There is quite a bit of science to trouble shooting, but there is some combination of personal traits that make a good trouble shooter.   These are:

  • Inquiring or curious disposition.  It is fairly easy to get to the first failed module or part.  Discovering the reasons behind the failure and or getting down to the component level takes a good deal more effort.
  • Patience.  This goes with the second part above, it takes some stick-to-it-tive-ness to trace out the not readily apparent problem.
  • Good analytical skills.  Often failures generate a cause and effect scenario.  The effects can be  startlingly distractive and mask the causes and the under lying problem.
  • Ability to view the large picture.  This is critical to discover outside influences and other issues that are indirectly connected to the system or issue at hand.
  • Ability to analyse the system design.  This requires the background training and experience to look at a circuit diagram and discover non-error tolerant systems.  Sometimes these systems can be modified for better fault tolerance.
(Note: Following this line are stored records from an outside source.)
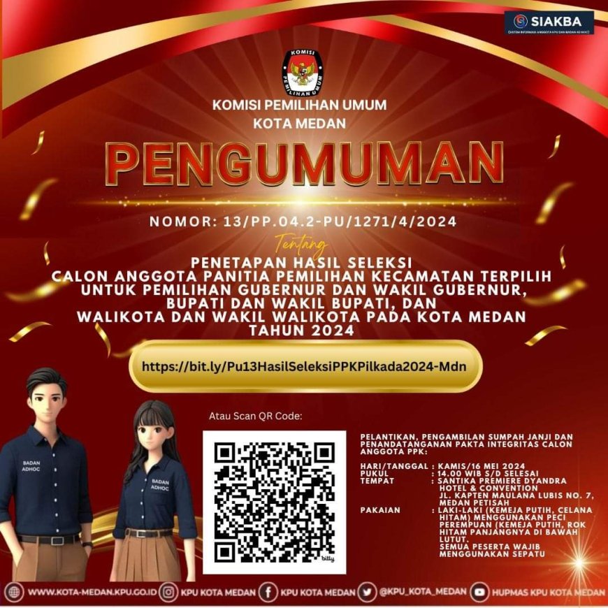 Untuk informasi lengkap nama-nama Panitia Pemilihan Kecamatan (PPK) Terpilih, Anda bisa langsung cek di media sosial resmi KPU Medan, baik akun Facebook maupun di Instagram. Anda bisa langsung download barcode yang tersedia pada flayer pengumuman yang ada. (fer/nusantaraterkini.co)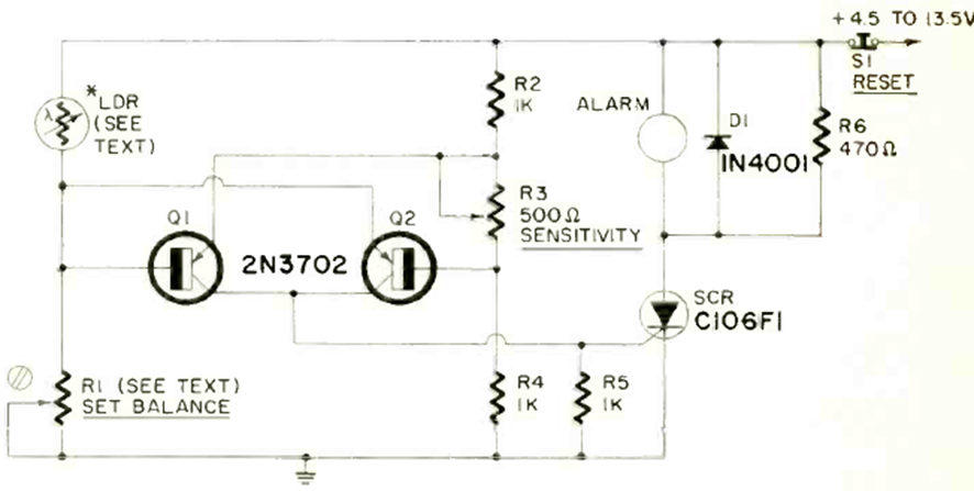 Found in an article in the August 1971 Radio Electronics magazine, this circuit supports 106 series SCRs and general-purpose transistors such as the BC.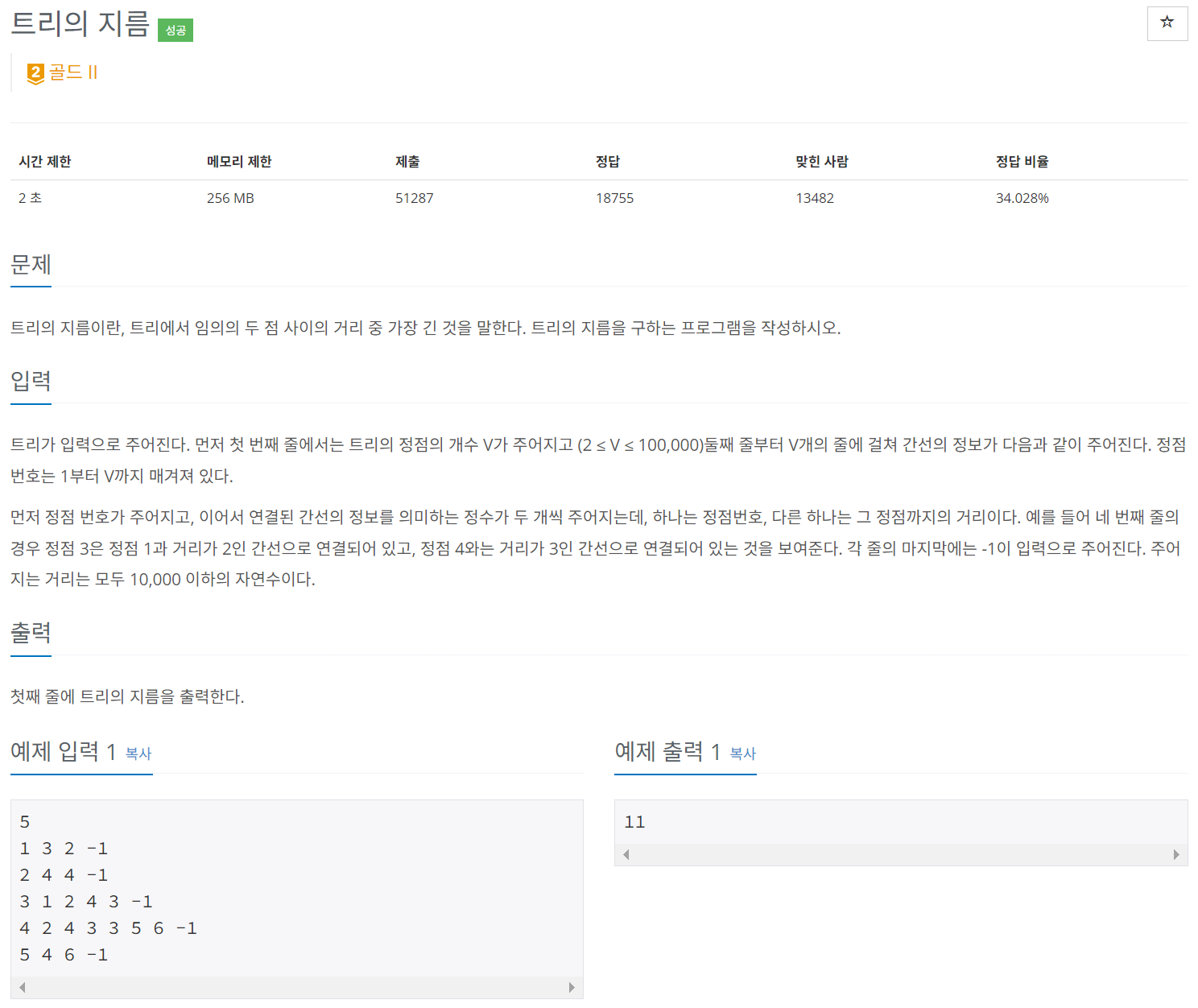 다시 구한 거리 중 가장 큰 값(가장 긴 경로)이 트리의 지름이 된다.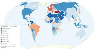 Across more than 170 countries, petrol prices show a wide gap: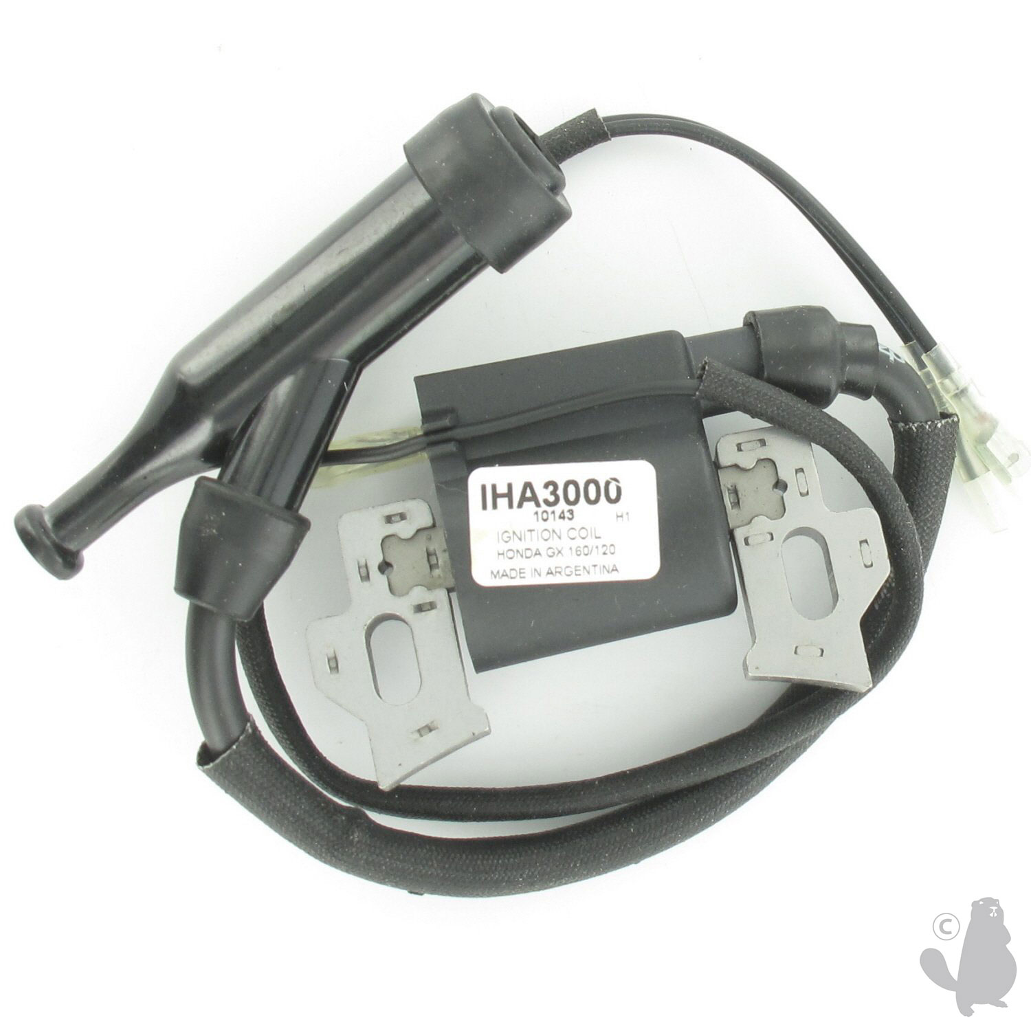 Ignition coil for HONDA engines GX110, GX120, GX140, GX160 and GX200 (pitch center: 57mm). Replaces original : 30500-ZE1-033, 30500-ZE1-063, 30500-ZE1-073.

Poorly designed equipment is the bane of the broadcast engineer.  Equipment manufactures can sometimes fail to follow two key principles: KISS and maintainability.  KISS stands for Keep It Simple, Stupid.  There is no better design criteria than the KISS principle.  Adding layers of complexity increases the failure expectations.  Maintenance can be something as simple as cleaning or changing air filters.  Making maintenance tasks difficult almost ensures that they will not be done.

Bathtub design curve
Bathtub design curve

Eventually, all things wear out.  It also takes some large picture skills to know when it is time to replace equipment and that can vary greatly from situation to situation.